Die Techniker Krankenkasse (TK) zieht die Notbremse. Deutschlands größte Krankenkasse hat fast alle Verträge für ihr Hausarzt-Programm (HzV) gekündigt. Darauf müssen die 12,4 Millionen Versicherten der TK jetzt achten.
Verträge mit Hausärzten laufen zum Jahresende aus
Zum Jahresende werden die Verträge zur hausarztzentrierten Versorgung (HzV) in fast allen Bundesländern auslaufen. Ausgenommen bleiben vorerst Baden-Württemberg, Mecklenburg-Vorpommern und Sachsen-Anhalt. Dort gelten gesonderte Verträge, die nach Angaben der TK bislang noch nicht ausgewertet wurden.
Hintergrund der Kündigungswelle sind Zweifel am Nutzen des Programms und hohe Zusatzkosten. Denn eine Untersuchung des Hausarztprogramms durch das Hamburg Center for Health Economics (HCHE) fiel aus Sicht der Krankenkasse ernüchternd aus.
Die hausarztzentrierte Versorgung soll eigentlich dafür sorgen, dass Patienten zunächst zum Hausarzt gehen. Sie übernehmen quasi eine Lotsenfunktion und koordinieren bei Bedarf weitere Behandlungen bei Fachärzten. Ziel ist es, Doppeluntersuchungen zu vermeiden, die Versorgung zu steuern und Krankenhausaufenthalte zu reduzieren.

Mehr Facharzt-Besuche statt weniger
Genau dieser erhoffte Effekt ließ sich laut der ausgewerteten Studie jedoch nicht nachweisen. Weder seien weniger Facharztbesuche noch weniger Krankenhausaufenthalte festgestellt worden. Die Zahl der Hausarzt-Kontakte blieb mit durchschnittlich minus 0,2 Terminen pro Jahr nahezu unverändert.

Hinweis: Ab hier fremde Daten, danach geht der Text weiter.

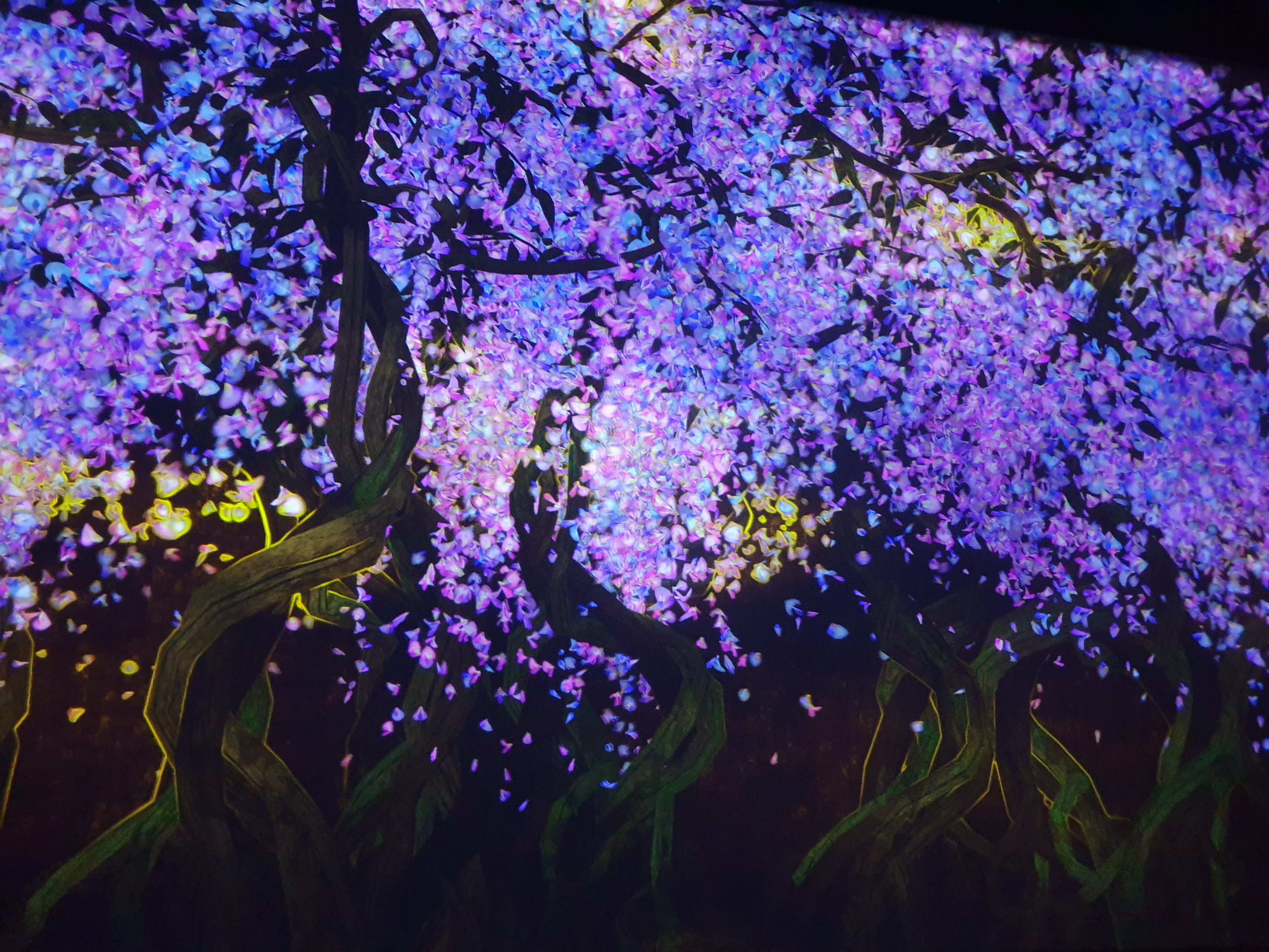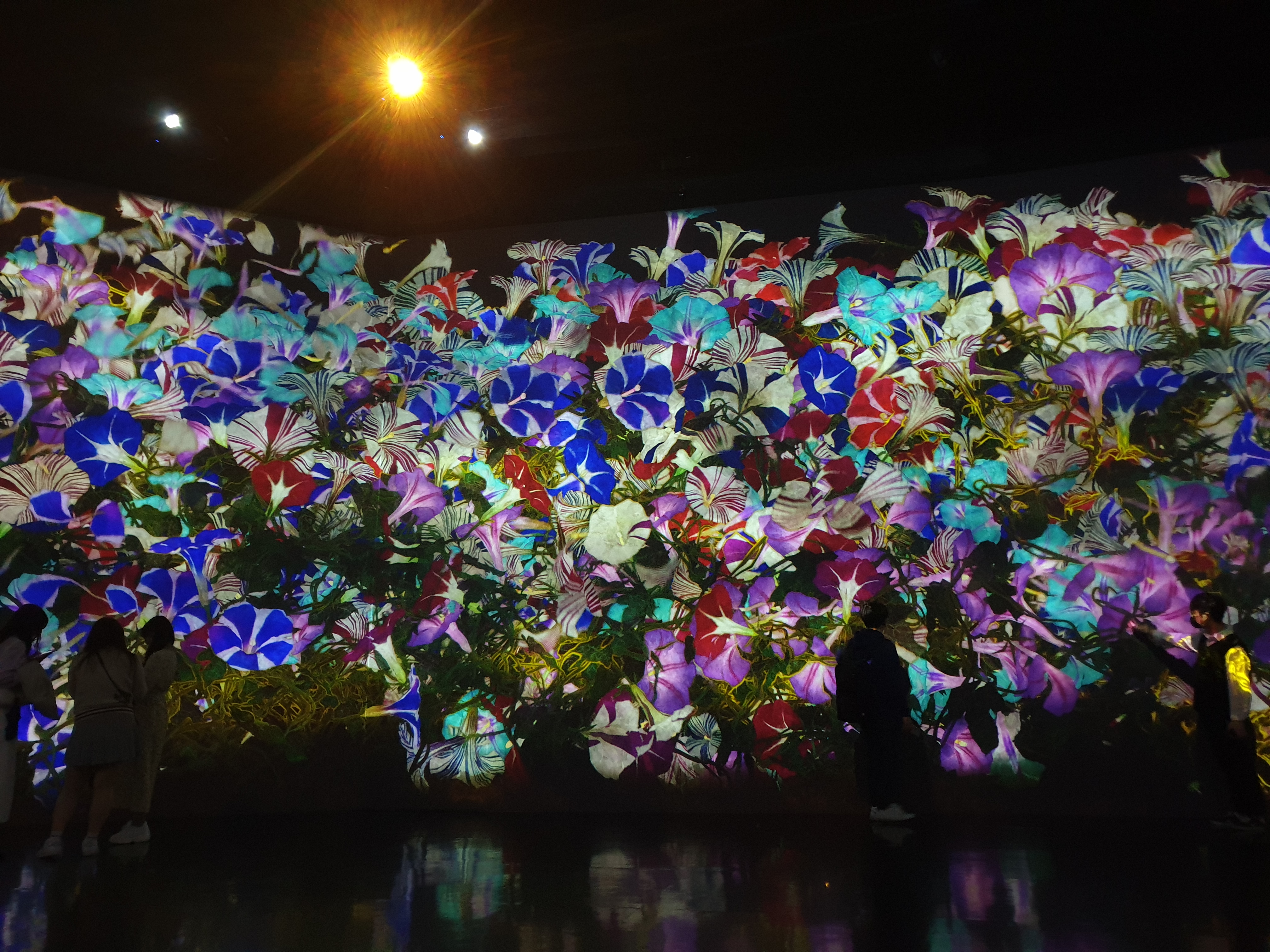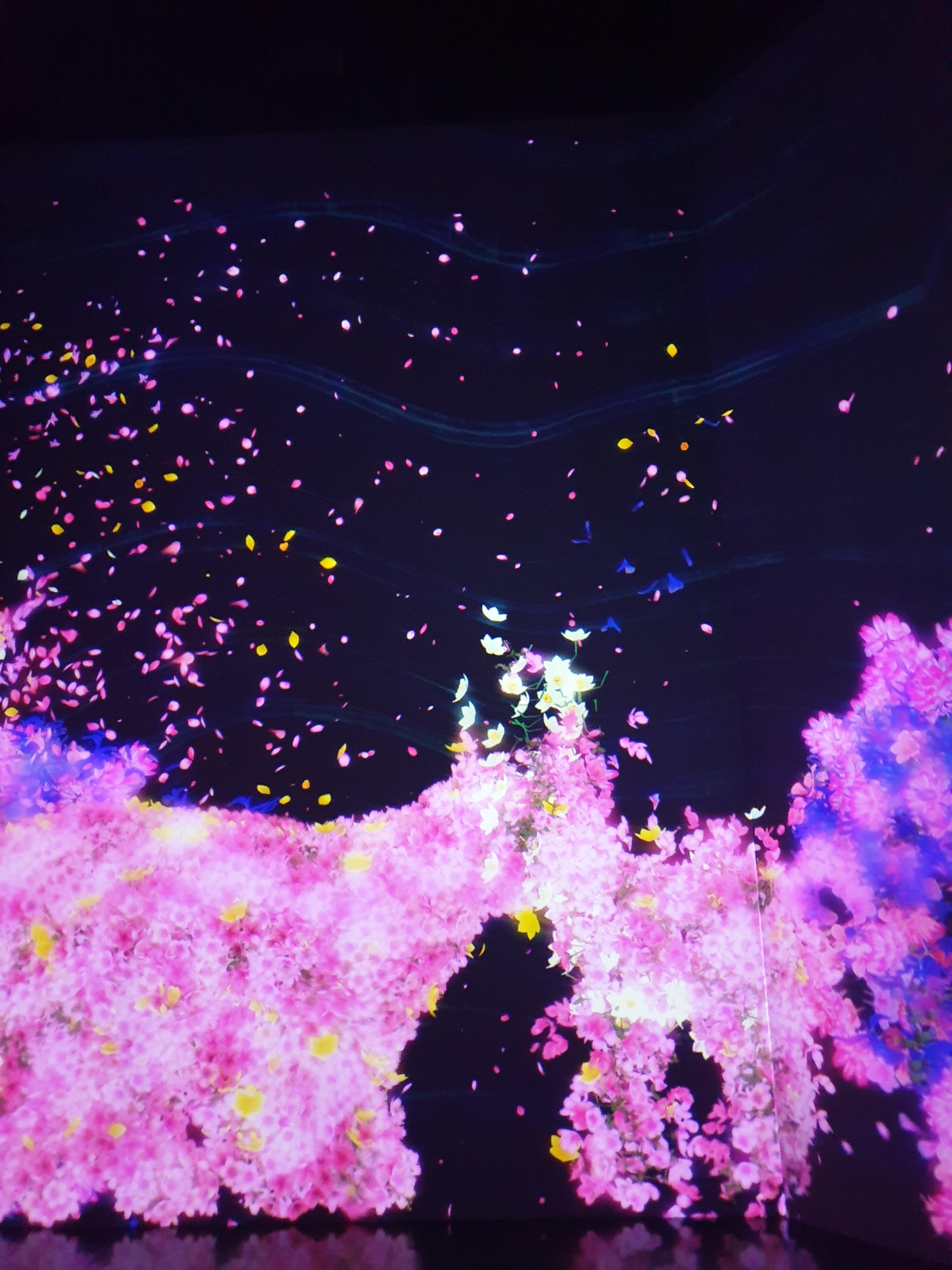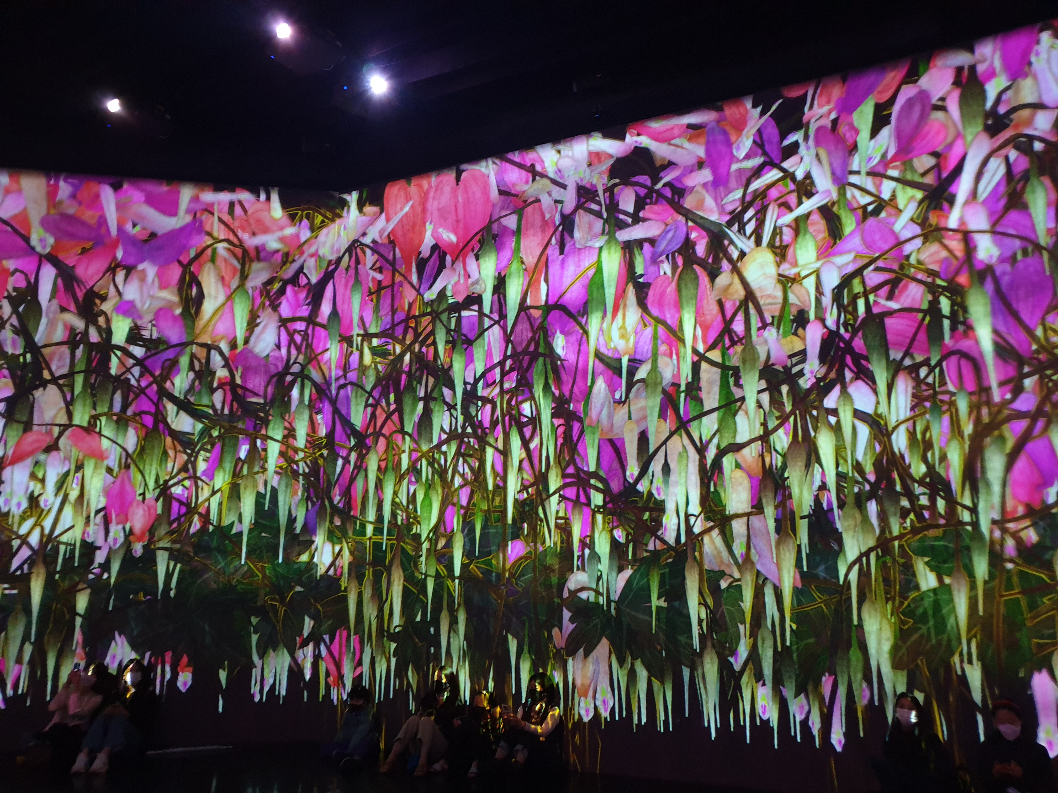 첫 전시는 "꽃과 함께 살아가는 동물들" & "고동치는 대지" & "꿈틀대는 골짜기의 꽃과 함께 살아가는 생물들"이다. 각 전시마다 간단하게 설명해주시는 분들이 있어서 더 좋았다. 꽃을 만지만 꽃이 떨어지고, 동물도 만지면 소리를 내거나 반응을 한다. 작품은 컴퓨터 프로그램에 의해 실시간으로 그려지기 때문에 사람들의 움직임의 영향을 받아들여 끝없이 변화한다고 한다. 지금 이 순간의 장면은 두 번 다시 볼 수 없다.

Überraschend ergab die Studie auch, dass die Teilnehmer des Programms Fachärzte sogar häufiger aufsuchten. Im Durchschnitt stieg die Zahl der Facharztkontakte um rund 1,2 pro Jahr. Auch bei der Verordnung ungeeigneter Medikamente habe sich keine wesentliche Verbesserung gezeigt.
Ärztinnen und Ärzte, die am Hausarztprogramm teilnehmen, erhalten aber rund 30 Prozent höhere Honorare als Kolleginnen und Kollegen außerhalb des Modells. Nach Angaben der Krankenkasse verursacht die HzV dadurch jährliche Mehrkosten von etwa 160 Millionen Euro, erbringt aber keinen zusätzlichen Nutzen für die Versicherten.